EXERCISE DATA.
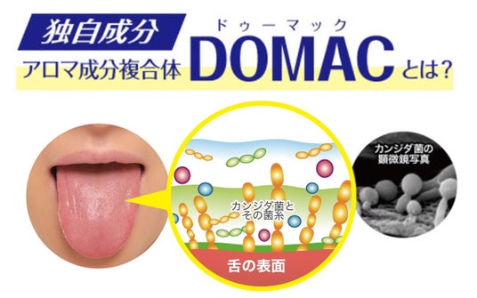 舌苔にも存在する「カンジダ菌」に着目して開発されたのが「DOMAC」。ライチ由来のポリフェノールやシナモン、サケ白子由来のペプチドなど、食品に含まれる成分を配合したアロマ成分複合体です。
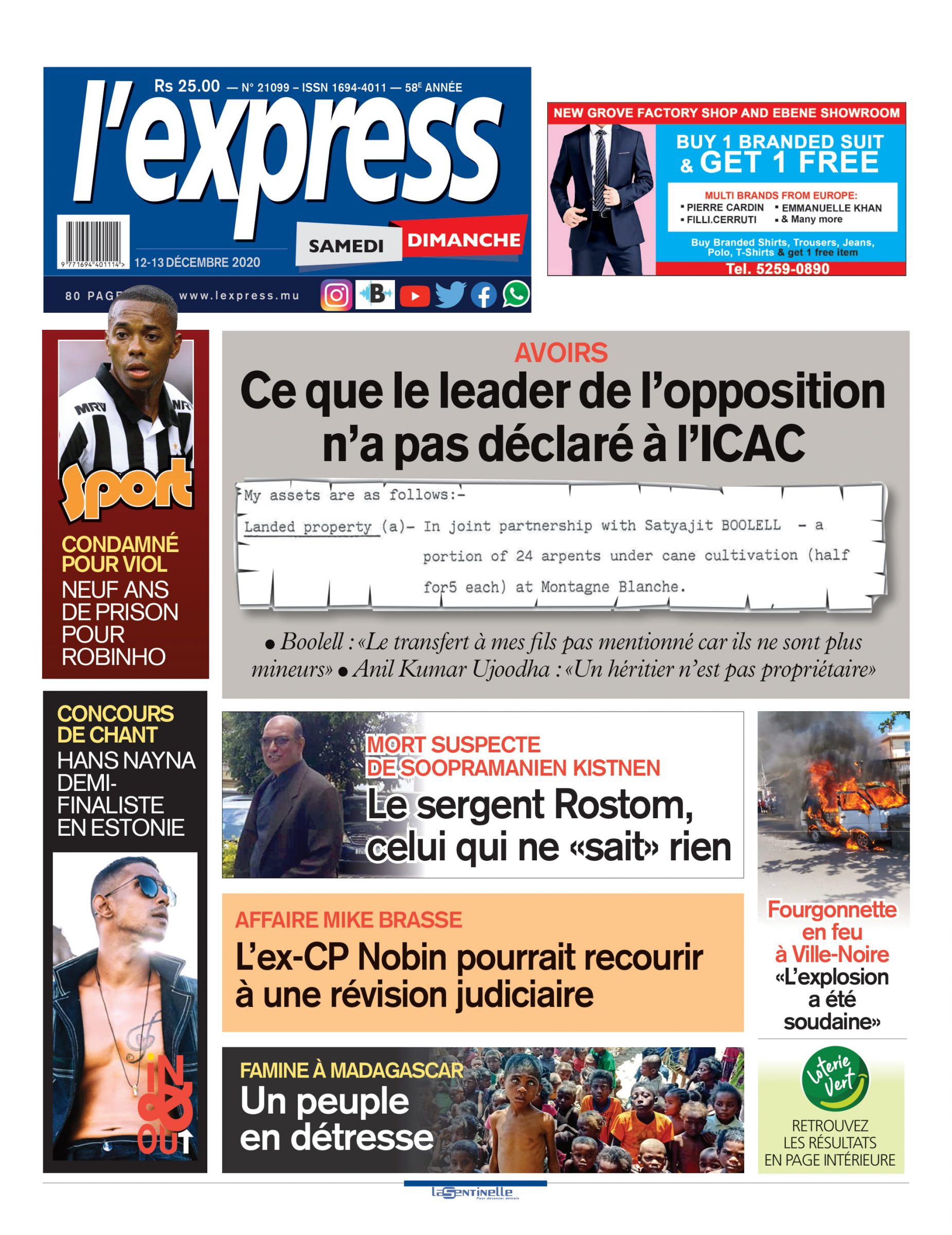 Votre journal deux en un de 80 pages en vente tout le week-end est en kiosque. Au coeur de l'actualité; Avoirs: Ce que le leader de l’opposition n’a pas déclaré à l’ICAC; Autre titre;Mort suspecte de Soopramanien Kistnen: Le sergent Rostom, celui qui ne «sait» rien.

* * *

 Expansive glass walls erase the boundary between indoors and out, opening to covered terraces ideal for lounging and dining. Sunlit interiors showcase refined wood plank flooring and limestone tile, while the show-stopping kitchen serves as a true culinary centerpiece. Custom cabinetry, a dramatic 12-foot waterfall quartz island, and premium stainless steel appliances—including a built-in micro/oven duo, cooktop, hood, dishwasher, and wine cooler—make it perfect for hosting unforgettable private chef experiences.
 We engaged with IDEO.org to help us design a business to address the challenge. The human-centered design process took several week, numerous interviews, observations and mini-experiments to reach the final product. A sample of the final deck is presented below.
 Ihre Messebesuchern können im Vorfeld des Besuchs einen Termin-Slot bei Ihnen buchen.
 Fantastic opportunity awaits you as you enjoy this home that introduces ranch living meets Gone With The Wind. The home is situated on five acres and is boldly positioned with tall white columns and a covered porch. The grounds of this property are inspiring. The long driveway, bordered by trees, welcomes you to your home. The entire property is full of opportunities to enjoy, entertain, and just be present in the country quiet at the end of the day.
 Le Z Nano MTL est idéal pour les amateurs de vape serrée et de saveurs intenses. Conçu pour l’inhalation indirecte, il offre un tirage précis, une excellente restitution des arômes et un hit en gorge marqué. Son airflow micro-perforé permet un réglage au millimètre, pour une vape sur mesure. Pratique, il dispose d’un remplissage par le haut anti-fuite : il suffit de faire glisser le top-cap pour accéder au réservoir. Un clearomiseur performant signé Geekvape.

...

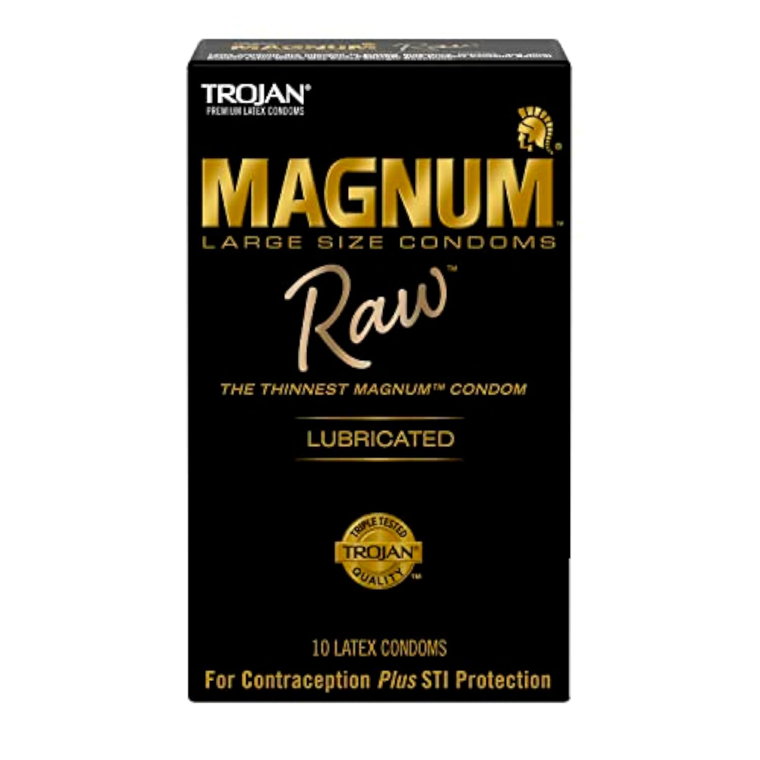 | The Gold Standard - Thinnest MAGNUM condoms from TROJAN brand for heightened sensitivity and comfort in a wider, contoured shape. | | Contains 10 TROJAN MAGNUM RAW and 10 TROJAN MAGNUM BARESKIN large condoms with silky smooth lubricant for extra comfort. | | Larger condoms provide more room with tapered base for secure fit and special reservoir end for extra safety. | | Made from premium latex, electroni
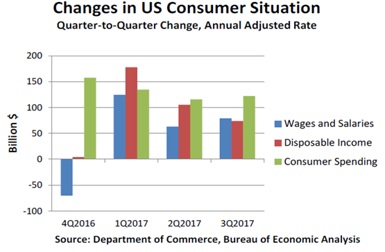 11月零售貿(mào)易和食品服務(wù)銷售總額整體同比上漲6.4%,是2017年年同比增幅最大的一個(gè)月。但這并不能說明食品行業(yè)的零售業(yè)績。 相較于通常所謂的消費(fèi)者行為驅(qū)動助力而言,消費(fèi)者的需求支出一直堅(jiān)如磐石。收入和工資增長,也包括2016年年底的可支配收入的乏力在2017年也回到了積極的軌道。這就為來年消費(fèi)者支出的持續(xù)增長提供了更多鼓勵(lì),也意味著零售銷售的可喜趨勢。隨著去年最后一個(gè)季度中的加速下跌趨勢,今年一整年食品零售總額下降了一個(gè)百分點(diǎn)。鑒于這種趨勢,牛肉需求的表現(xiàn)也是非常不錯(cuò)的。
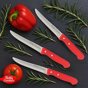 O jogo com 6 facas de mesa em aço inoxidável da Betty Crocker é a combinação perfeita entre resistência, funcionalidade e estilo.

INSTRUCTIONS TO FOLLOW.
Reproduce the entries exactly, from the line with "11月零售貿(mào)易和食" to the line with "O jogo com 6", both lines included, keeping no pictures.

RESULT.
 11月零售貿(mào)易和食品服務(wù)銷售總額整體同比上漲6.4%,是2017年年同比增幅最大的一個(gè)月。但這并不能說明食品行業(yè)的零售業(yè)績。 相較于通常所謂的消費(fèi)者行為驅(qū)動助力而言,消費(fèi)者的需求支出一直堅(jiān)如磐石。收入和工資增長,也包括2016年年底的可支配收入的乏力在2017年也回到了積極的軌道。這就為來年消費(fèi)者支出的持續(xù)增長提供了更多鼓勵(lì),也意味著零售銷售的可喜趨勢。隨著去年最后一個(gè)季度中的加速下跌趨勢,今年一整年食品零售總額下降了一個(gè)百分點(diǎn)。鑒于這種趨勢,牛肉需求的表現(xiàn)也是非常不錯(cuò)的。
 O jogo com 6 facas de mesa em aço inoxidável da Betty Crocker é a combinação perfeita entre resistência, funcionalidade e estilo.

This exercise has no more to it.